> [EXERCISE]:
Please set out each line below exactly as it stands, without the images.

> [SOURCE DATA]:
☆ ☆ ☆
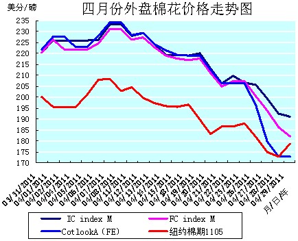 四月中旬后,外盤棉價(jià)就進(jìn)入了連續(xù)下滑的通道。主要是因基本面利空,包括中國(guó)棉花市場(chǎng)需求減弱、銷滯價(jià)跌導(dǎo)致的取消美陸地棉出口簽約,南半球新上市棉花價(jià)格較低,以及普爾公司對(duì)美國(guó)的信貸評(píng)級(jí)下調(diào)至“負(fù)面”等諸多因素的綜合影響。至月底,外盤棉價(jià)均已跌破200美分/磅的整數(shù)線,紐約棉期1105合約4月12日就跌破了200美分/的整數(shù)線,月末運(yùn)行在178.78美分/磅的價(jià)位上;CotlookA(FE)指數(shù)4月26日也跌破了200美分/的整數(shù)線,月末運(yùn)行在172.70美分/磅的價(jià)位上。
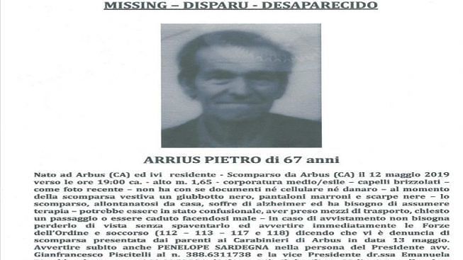 Ancora nessuna traccia di Pietro Arrius, il pensionato di 67 anni, malato di Alzheimer, scomparso il 12 maggio da Arbus. Le ricerche vanno avanti ormai da quattro giorni, del caso si sta occupando anche il noto programma televisivo Chi l’ha visto. “Domenica 12 maggio intorno alle 19 si trovava in un bar dove c’era molta confusione perché si teneva la sagra del cinghiale – si legge sul sito. Gli amici lo hanno visto incamminarsi per via Montevecchio che diventa strada provinciale e porta alla frazione di Montevecchio. Proprio lì è stato avvistato l’ultima volta. Potrebbe avere problemi di orientamento.”
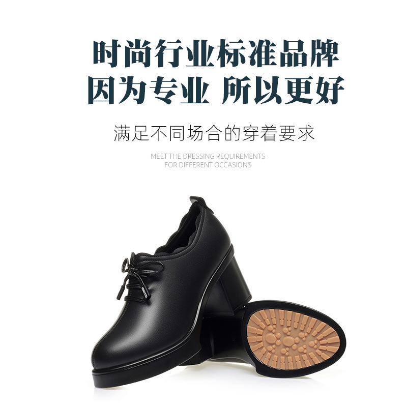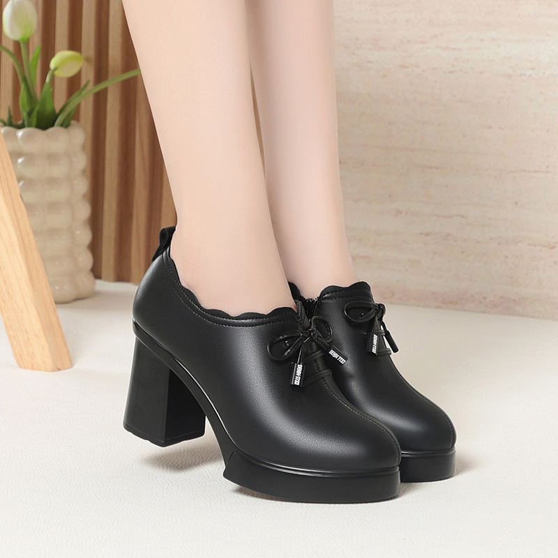 2025女靴冬秋软皮女单鞋深口系带装饰拉链粗跟鞋舒适中老年妈妈中
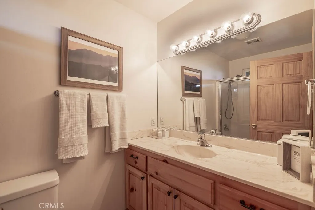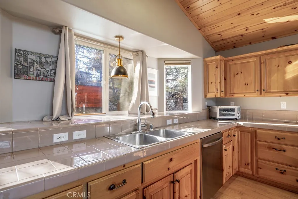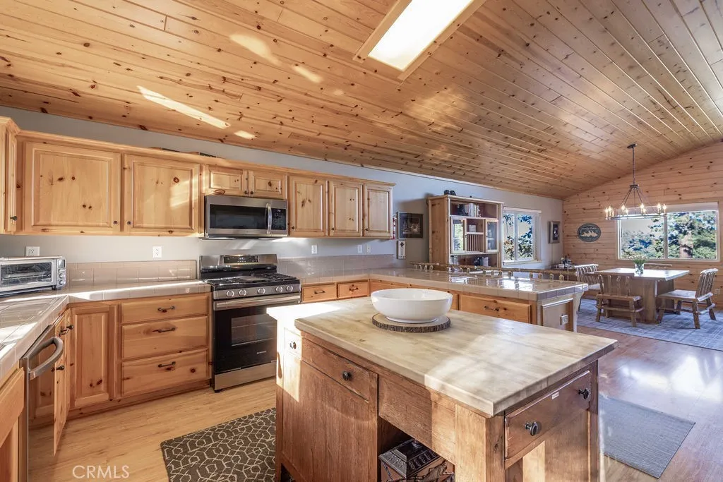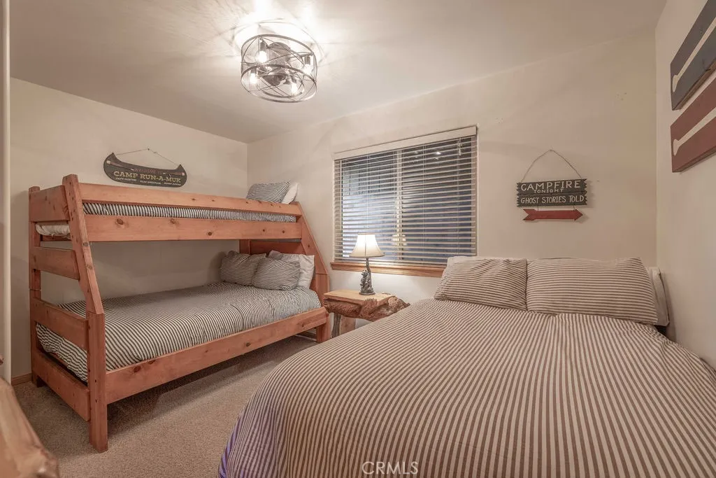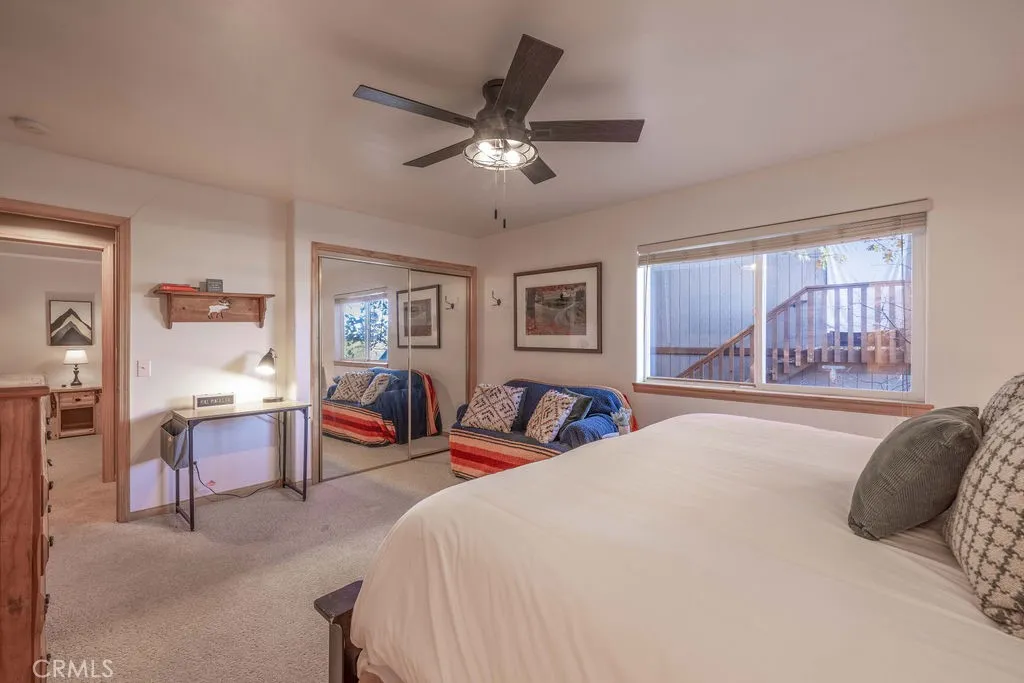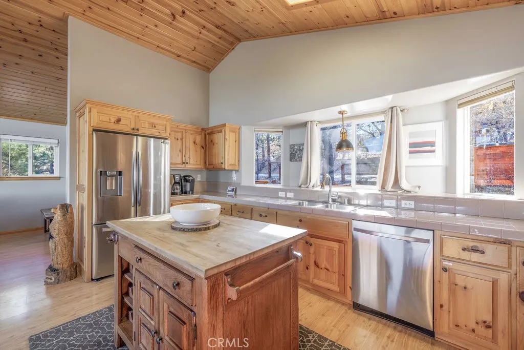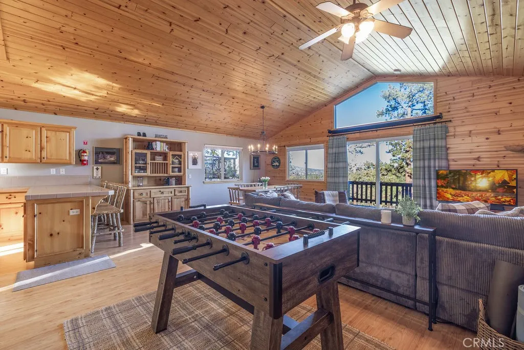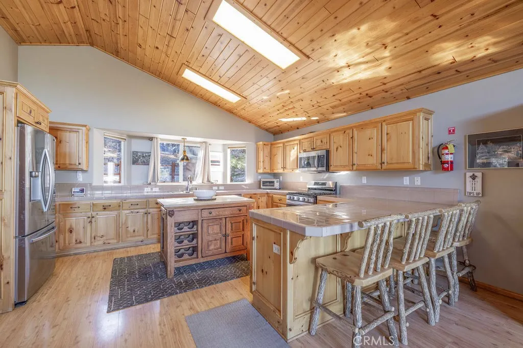 Perched in the desirable Moonridge area of Big Bear, this gem offers a serene mountain retreat with breathtaking views of the surrounding treetops and majestic peaks! Perfect for outdoor enthusiasts and nature lovers, this oasis is just a few minutes drive to both Bear ski resorts, the lake and the vibrant Moonridge Corridor with easy access to local attractions and scenic hiking trails. Once inside, you’ll discover a finely designed open floor plan featuring wood tongue-and-groove vaulted ceilings and floor-to-ceiling glass, bathing the main entry level with gorgeous natural light. The spacious great room is anchored by a rock fireplace, which invites everyone for cozy evenings by the fire. The kitchen will dazzle any level chef with new stainless appliances, ample cabinetry, generous counter space, a center island, windows and lighting that immerse the space in warm light. Downstairs you’ll find 3 bedrooms, including a serene primary with en suite bathroom. Each room invites you to the space for rest and relaxation, and offers its own fan for added comfort. Outside, a large front patio is adorned with string lights and a hot tub that begs for leisurely evenings under the stars, while the expansive back balcony offers multiple lounge areas to take in the stunning mountain views. This move-in ready retreat is not one to miss and priced to move for buyers or investors alike. Schedule your showing today to make memories immediately!
☆ ☆ ☆
> [SOLUTION FOR THIS EXERCISE]:
 四月中旬后,外盤棉價(jià)就進(jìn)入了連續(xù)下滑的通道。主要是因基本面利空,包括中國(guó)棉花市場(chǎng)需求減弱、銷滯價(jià)跌導(dǎo)致的取消美陸地棉出口簽約,南半球新上市棉花價(jià)格較低,以及普爾公司對(duì)美國(guó)的信貸評(píng)級(jí)下調(diào)至“負(fù)面”等諸多因素的綜合影響。至月底,外盤棉價(jià)均已跌破200美分/磅的整數(shù)線,紐約棉期1105合約4月12日就跌破了200美分/的整數(shù)線,月末運(yùn)行在178.78美分/磅的價(jià)位上;CotlookA(FE)指數(shù)4月26日也跌破了200美分/的整數(shù)線,月末運(yùn)行在172.70美分/磅的價(jià)位上。
 Ancora nessuna traccia di Pietro Arrius, il pensionato di 67 anni, malato di Alzheimer, scomparso il 12 maggio da Arbus. Le ricerche vanno avanti ormai da quattro giorni, del caso si sta occupando anche il noto programma televisivo Chi l’ha visto. “Domenica 12 maggio intorno alle 19 si trovava in un bar dove c’era molta confusione perché si teneva la sagra del cinghiale – si legge sul sito. Gli amici lo hanno visto incamminarsi per via Montevecchio che diventa strada provinciale e porta alla frazione di Montevecchio. Proprio lì è stato avvistato l’ultima volta. Potrebbe avere problemi di orientamento.”
 2025女靴冬秋软皮女单鞋深口系带装饰拉链粗跟鞋舒适中老年妈妈中
 Perched in the desirable Moonridge area of Big Bear, this gem offers a serene mountain retreat with breathtaking views of the surrounding treetops and majestic peaks! Perfect for outdoor enthusiasts and nature lovers, this oasis is just a few minutes drive to both Bear ski resorts, the lake and the vibrant Moonridge Corridor with easy access to local attractions and scenic hiking trails. Once inside, you’ll discover a finely designed open floor plan featuring wood tongue-and-groove vaulted ceilings and floor-to-ceiling glass, bathing the main entry level with gorgeous natural light. The spacious great room is anchored by a rock fireplace, which invites everyone for cozy evenings by the fire. The kitchen will dazzle any level chef with new stainless appliances, ample cabinetry, generous counter space, a center island, windows and lighting that immerse the space in warm light. Downstairs you’ll find 3 bedrooms, including a serene primary with en suite bathroom. Each room invites you to the space for rest and relaxation, and offers its own fan for added comfort. Outside, a large front patio is adorned with string lights and a hot tub that begs for leisurely evenings under the stars, while the expansive back balcony offers multiple lounge areas to take in the stunning mountain views. This move-in ready retreat is not one to miss and priced to move for buyers or investors alike. Schedule your showing today to make memories immediately!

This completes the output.